TASK REQUIREMENTS → Write the lines below out exactly, dropping each picture.

=== DATA PROVIDED ===

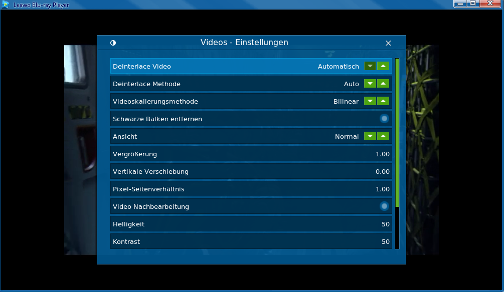 Oben links im Wiedergabefenster dieses tollen MKV Video Players können Sie während der Wiedergabe auch Videoeinstellungen vornehmen.
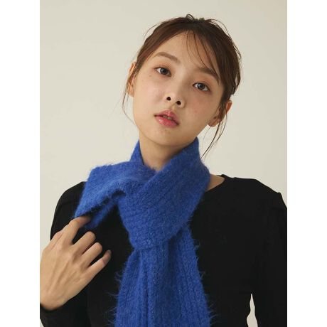 ふわふわとしたシャギー素材がシーズンムードを演出するニットマフラー。凹凸のあるリブ編みと、細幅のデザインがすっきりとした印象を与えてくれます。シンプルなのでどんなスタイルにも合わせやすく、幅広いシーンで活躍するアイテムです。
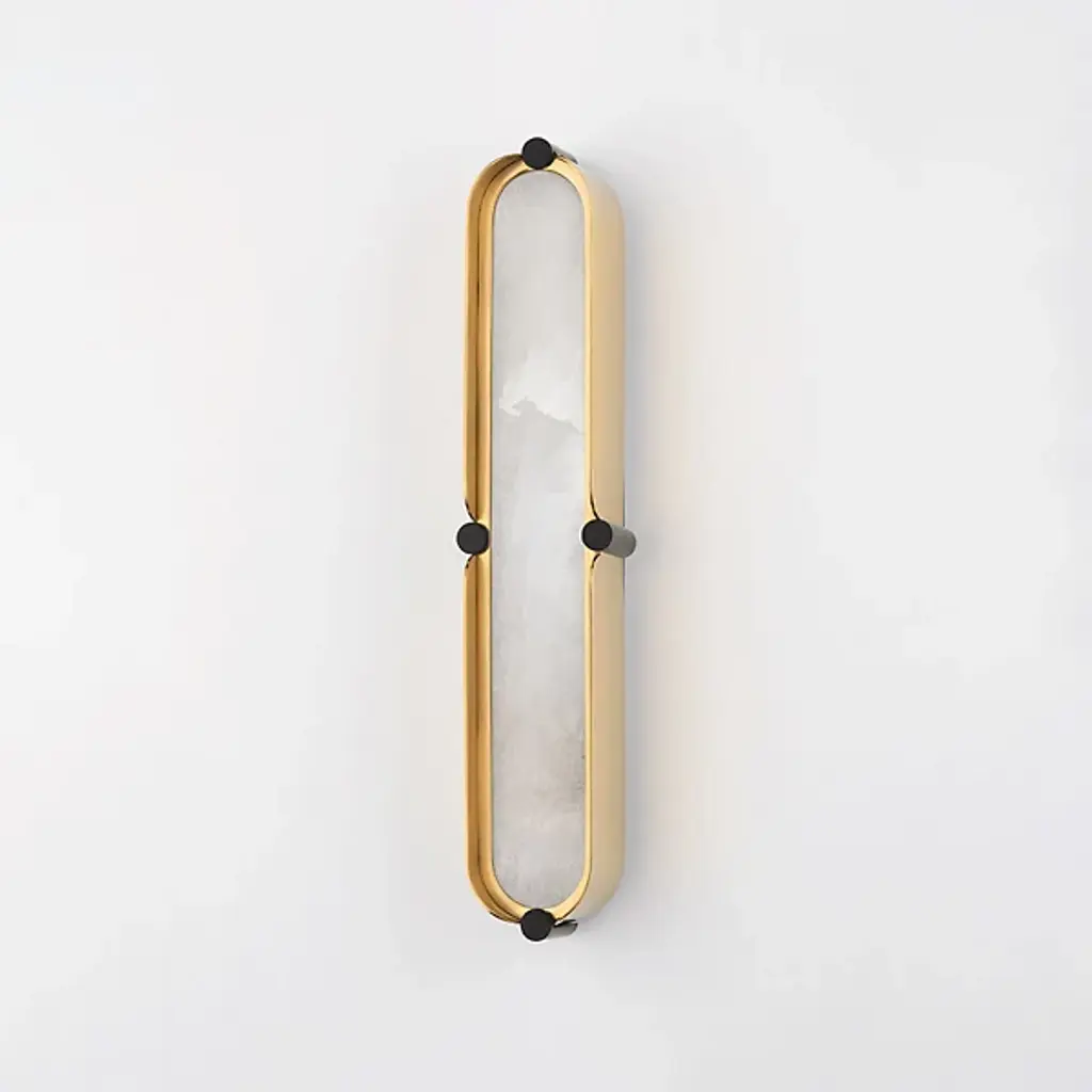 Add the unique and elegant lines of the unforgettable Tribeca LED Vanity Light from Hudson Valley Lighting to your indoor vanity space. A tall oval fixture embellished at each compass point with cylindrical accents provides a two-tone contrast with the sleek frame material, while a piece of Spanish alabaster glows softly inside, embellished by the glow from the fixture’s damp-listed LED. Each piece of alabaster is natural and differs from the others, enabling this piece to stand well as a single statement or as part of a mixed arrangement with subtle variations.

===

REPLY →
 Oben links im Wiedergabefenster dieses tollen MKV Video Players können Sie während der Wiedergabe auch Videoeinstellungen vornehmen.
 ふわふわとしたシャギー素材がシーズンムードを演出するニットマフラー。凹凸のあるリブ編みと、細幅のデザインがすっきりとした印象を与えてくれます。シンプルなのでどんなスタイルにも合わせやすく、幅広いシーンで活躍するアイテムです。
 Add the unique and elegant lines of the unforgettable Tribeca LED Vanity Light from Hudson Valley Lighting to your indoor vanity space. A tall oval fixture embellished at each compass point with cylindrical accents provides a two-tone contrast with the sleek frame material, while a piece of Spanish alabaster glows softly inside, embellished by the glow from the fixture’s damp-listed LED. Each piece of alabaster is natural and differs from the others, enabling this piece to stand well as a single statement or as part of a mixed arrangement with subtle variations.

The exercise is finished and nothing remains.